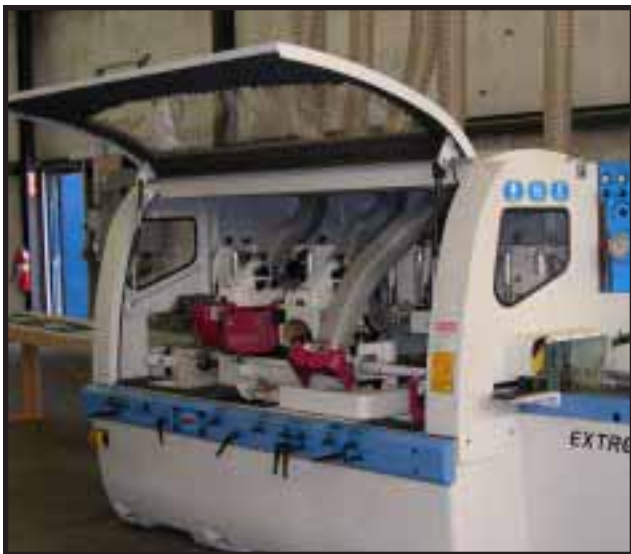
A SIX headed molder! Quite a monster indeed. It takes a while to get it set up, but once it is it makes all imaginable shapes in one pass. It's brand new and not yet run.
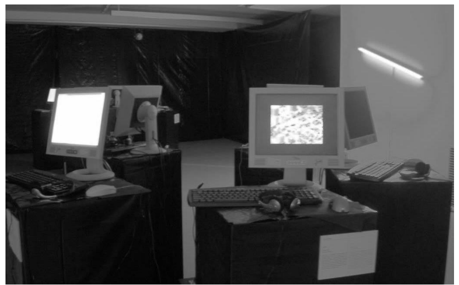
Fig. 6: Example of games in art context from Bratislava in 2009.
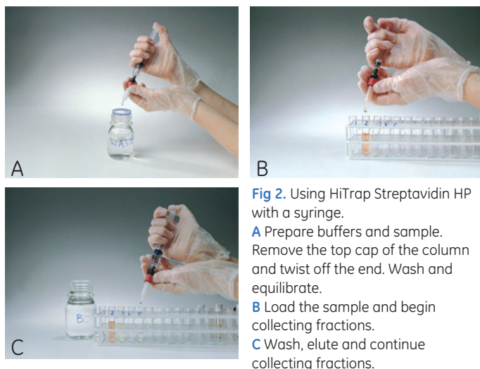
Fig 2. Using HiTrap Streptavidin HP with a syringe.

The interaction between streptavidin and biotin is very strong and requires denaturing conditions for elution. This strong interaction can be utilized in the purification of antigens. Biotinylated antibody-antigen complexes bind to the HiTrap Streptavidin HP column, enabling subsequent elution of the antigen. An alternative application is to exploit the interaction between 2-iminobiotin and streptavidin, which is a weaker interaction. Iminobiotinylated substances can be eluted from the column at pH 4, as shown in Figures 4a and 4b.
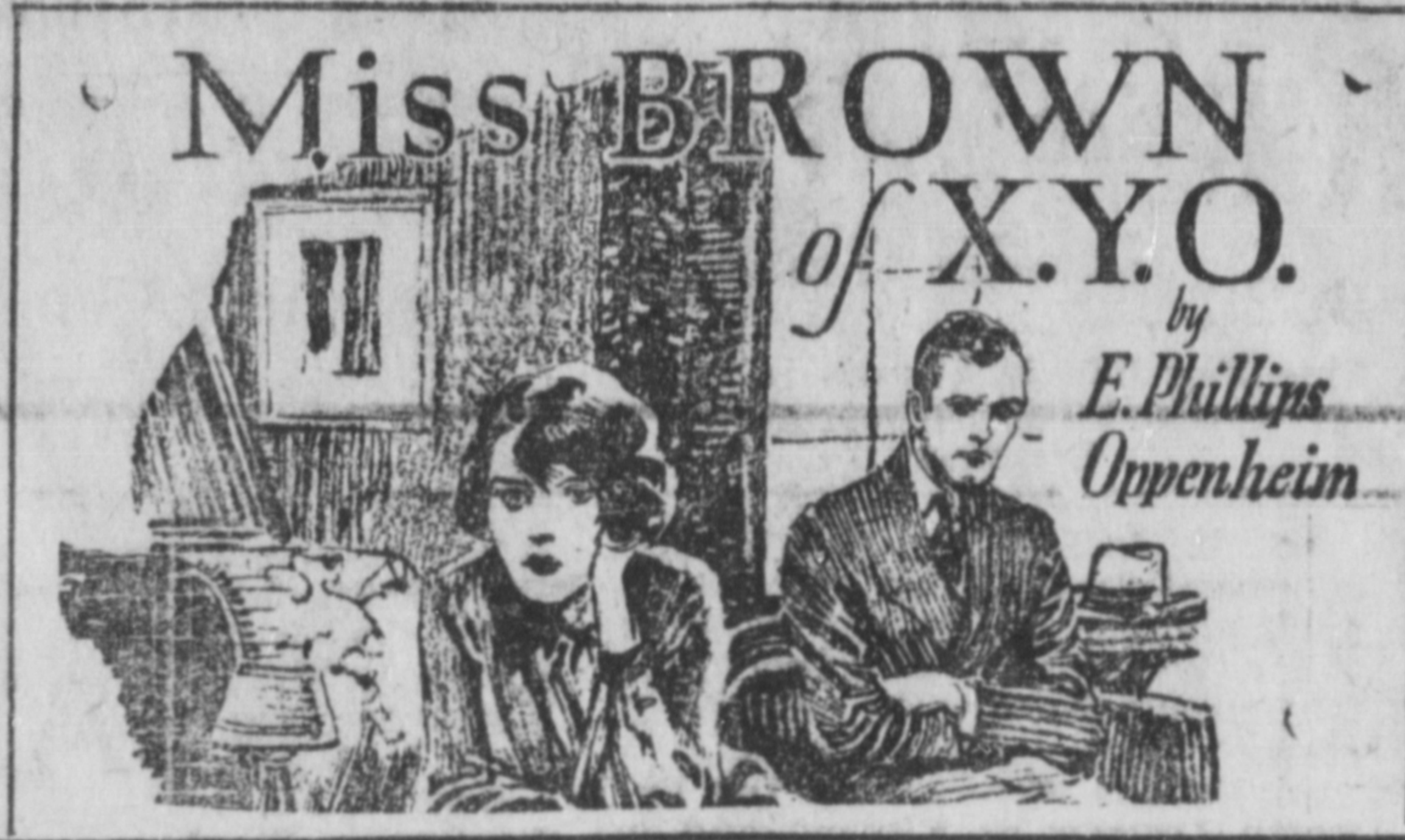
Copyright, 1927, by E. Phillips Oppenheim
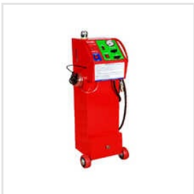
Oil Disposer Folding Type

Task details :: Your copy must hold exactly the lines from the one with "The interaction between streptavidin" to the end of the records above, both included, and no pictures.

Answer box ::
The interaction between streptavidin and biotin is very strong and requires denaturing conditions for elution. This strong interaction can be utilized in the purification of antigens. Biotinylated antibody-antigen complexes bind to the HiTrap Streptavidin HP column, enabling subsequent elution of the antigen. An alternative application is to exploit the interaction between 2-iminobiotin and streptavidin, which is a weaker interaction. Iminobiotinylated substances can be eluted from the column at pH 4, as shown in Figures 4a and 4b.
Copyright, 1927, by E. Phillips Oppenheim
Oil Disposer Folding Type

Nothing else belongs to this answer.